-- Dataset excerpts follows --

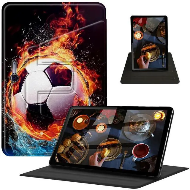 Features: Lightweight portable for working/ traveling Available in a variety of bright and fun colors Premium materials PU leather + stretch esistant TPU 360 Degree Swivel Stand multi-angles viewing adjustable Two anti-slip grooves support 3 flexible viewing positions Quick access to all important features such as buttons, camera, speaker, and ports. Auto Wake/Sleep Boosting your tablet productivity of battery endurance and power saving.
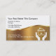 Upscale real estate title company business cards with classy simulated gold metallic design elements digitally printed on the front including gold looking house with helping hands symbol. Customize the text, background color or layout as you like. Designed as a business card template related to real estate, title services, or title insurance.
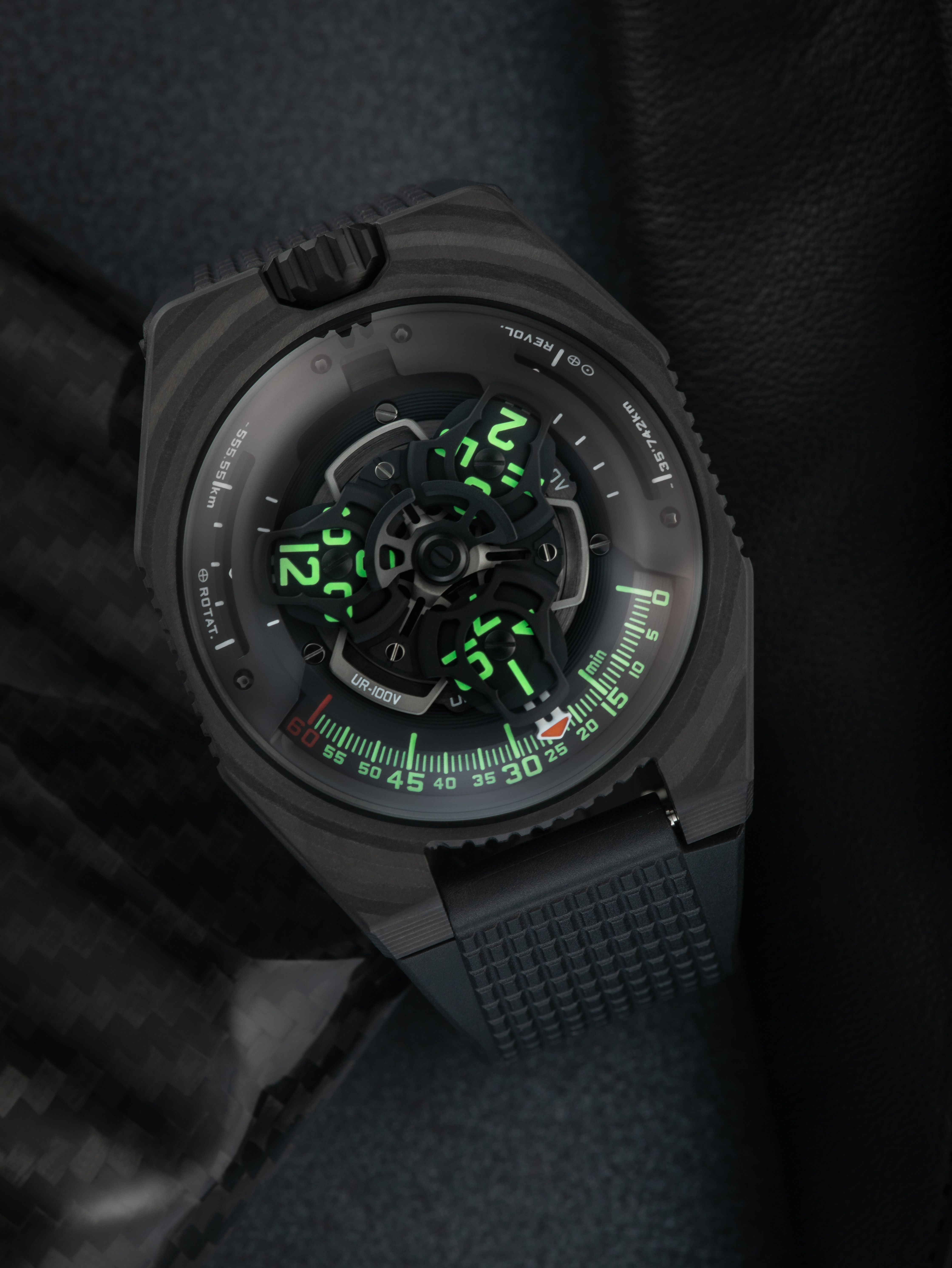 Coming on a textured black rubber strap with deployant buckle and in a limited edition of twenty-five pieces, the new UR-100V Carbon is priced at CHF 53,000.
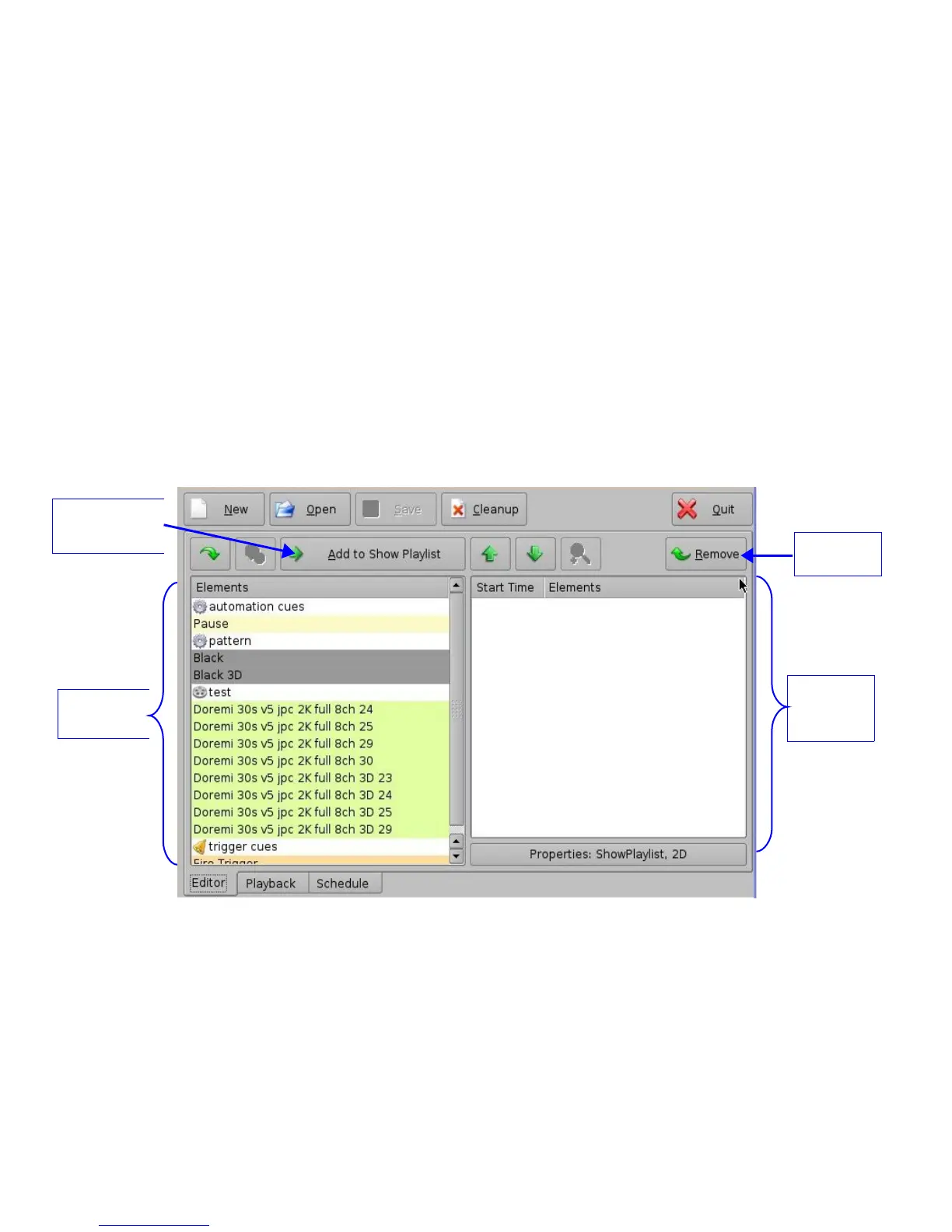 • To remove an element in a Show Playlist, select it in the Show Playlist window and click the
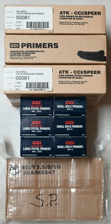 Approx. 5,000 No. 350 Large Pistol. Approx. 8,000 No. 450 Rifle Magnum. Approx. 5,000 No. 200 Large Rifle. Approx. 3,000 BR4 Small Rifle. Approx. 5,000 No. 500 Small Pistol.

-- Dataset excerpts concluded --

→ Your instructions: With the pictures removed from your copy, retype the lines above from the one that contains "Coming on a" through the one that contains "and click the", exactly.

→ Output:
 Coming on a textured black rubber strap with deployant buckle and in a limited edition of twenty-five pieces, the new UR-100V Carbon is priced at CHF 53,000.
 • To remove an element in a Show Playlist, select it in the Show Playlist window and click the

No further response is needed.